The Standard & Poor’s 500 Index may rally as much as 16 percent in the next six months because yesterday’s election will stymie legislative initiatives in Congress, billionaire investor Kenneth Fisher said.
Equities have surged since July as odds that Republicans would take control of the U.S. House of Representatives increased. President Barack Obama and the Democratic Party pushed through reforms of the health-care and financial industries this year.
“Markets don’t like big sweeping actions,” said Fisher, who oversees more than $38 billion at Woodside, California-based Fisher Investments Inc. “Right now, every politician is chirping and burping and carrying on. It’s been in the interest of the Republicans running for office to talk down the economy. That goes away immediately after the election. Come June, you’ll see how quiet the political landscape will be -- very little legislation and a lot of baby kissing.”

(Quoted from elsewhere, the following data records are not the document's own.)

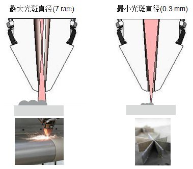 通快提供承受最大4KW激光的同軸送粉頭和承受10KW激光的旁軸送粉頭。值得一提的是通快提供的融覆加工頭具有光斑直徑能夠在0.3mm ~7mm實時可調功能。這樣進行加工時就能通過編程調節激光光斑直徑,既能保證激光熔覆很高的加工精度,又能保證很高的融覆效率。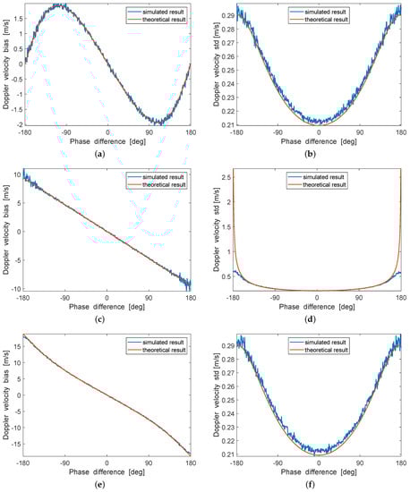 The validation with Monte Carlo simulation is carried out in this subsection. Using the model developed in Section 2, the SAR signals affected by the azimuth ambiguities are generated and the ocean surface Doppler velocities are estimated. The parameters of the SAR system and the signals for simulation are summarized in Table 1. Following the parameters in Table 1, the theoretical results are obtained using the equations in Section 3.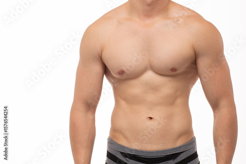 A young athletic guy with an athletic build and a smooth body poses against a white isolated background after shaving. athlete's torso in underwear. Concept: diet, men's health, fitness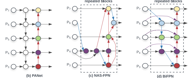 - NAS-FPN: NAS로 구조 자동 설계, 성능은 좋지만 매우 느리고 구조 해석이 어려움.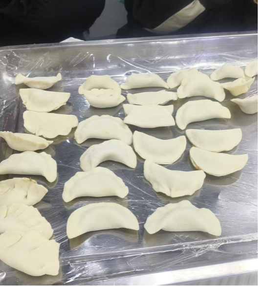 活动开场,各个部门有序上前领取包饺子的“装备”——白白嫩嫩的饺子皮与香气四溢的馅料,团学会考虑到有少数民族的同学,还准备一些符合他们口味的馅料。平日里,同学们是埋首书海、笔不离手的求知少年,此刻却纷纷撸起袖子,任由白花花的面粉沾满双手,迫不及待地亮出各自的“绝活儿”。观摩着大家这般娴熟利落的操作,不难猜出,假期居家的日子里,他们定是厨房的常客,帮着妈妈擀皮、包馅,将对家人的爱与感恩,妥妥地包进了每一个饺子里。

Fisher’s optimism is based in part on history. Stocks average gains of 11 percent in the third year of U.S. presidencies and haven’t fallen since 1939 when the Dow Jones Industrial Average lost 2.9 percent, according to data since 1833 compiled by the Stock Trader’s Almanac. The fourth year, when elections are held in November, is second-best, with an average advance of 5.8 percent.

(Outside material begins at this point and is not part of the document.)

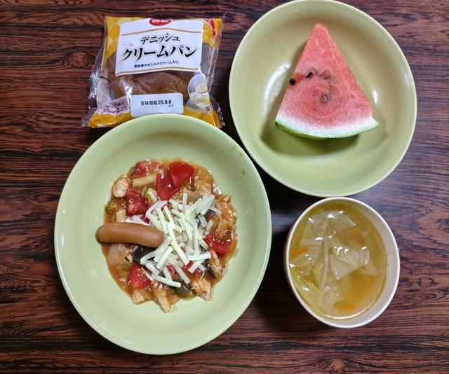 8月夏休み給食トマトグラタン&クリームパン②(令和7年8月6日)

“Next year is the sweet spot,” Fisher said. “Most political risk aversion occurs in the first year when the president has the most relative power to the opposition party he will ever have. He tries to get through whatever his toughest bills would be, and that freaks people out.”

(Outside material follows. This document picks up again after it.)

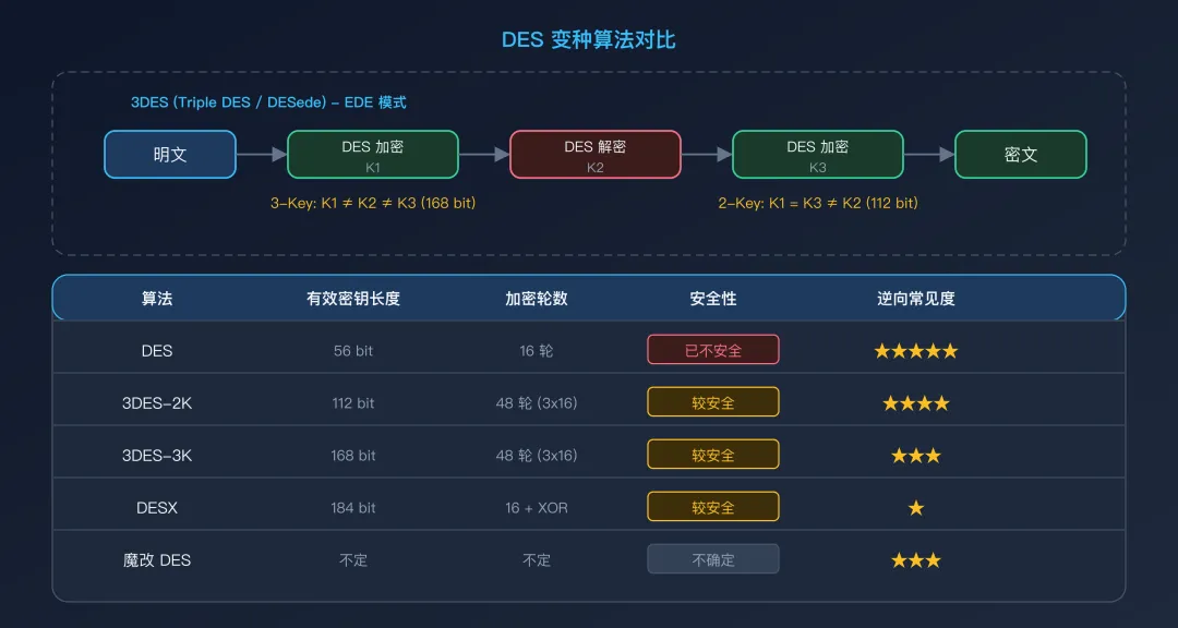 DESX 在逆向中很少见,但理解其原理有助于识别类似的"XOR 包裹"设计模式——很多自研加密方案都采用"先 XOR 再加密再 XOR"的结构。

Obama’s health-care reform reshaped the industry, extending coverage to tens of millions uninsured Americans. Signed into law by the president on March 23, it passed Congress without getting a single Republican vote. On July 21, Obama approved the most sweeping set of financial rules since the Great Depression, giving the government authority to unwind failing firms that may threaten the entire system, imposing rules on derivatives and creating a consumer-protection agency at the Federal Reserve.
After the health-care law was approved, the S&P 500 rallied to a 19-month high on April 23 before plunging 16 percent to a 10-month low on July 2. While it has since risen 17 percent to 1,193.57, the benchmark measure of U.S. shares has failed to surpass its April peak of 1,217.28.
Speculation that the Federal Reserve will try to stimulate economic growth through an asset-purchase technique known as quantitative easing has helped drive the stocks rally during the past four months. Fed policy makers began a two-day meeting yesterday, and economists surveyed by Bloomberg said the central bank will probably begin a new round of unconventional monetary easing by announcing a plan to buy at least $500 billion of long-term securities.
“Something on the low side of that might cause people to freak out negatively and something that’s too big might cause people to freak out negatively,” Fisher said. “In a world where the U.S. economy is growing, I’m not sure why any of this makes any sense. In the long-term, money creation doesn’t do anything but cause inflation.”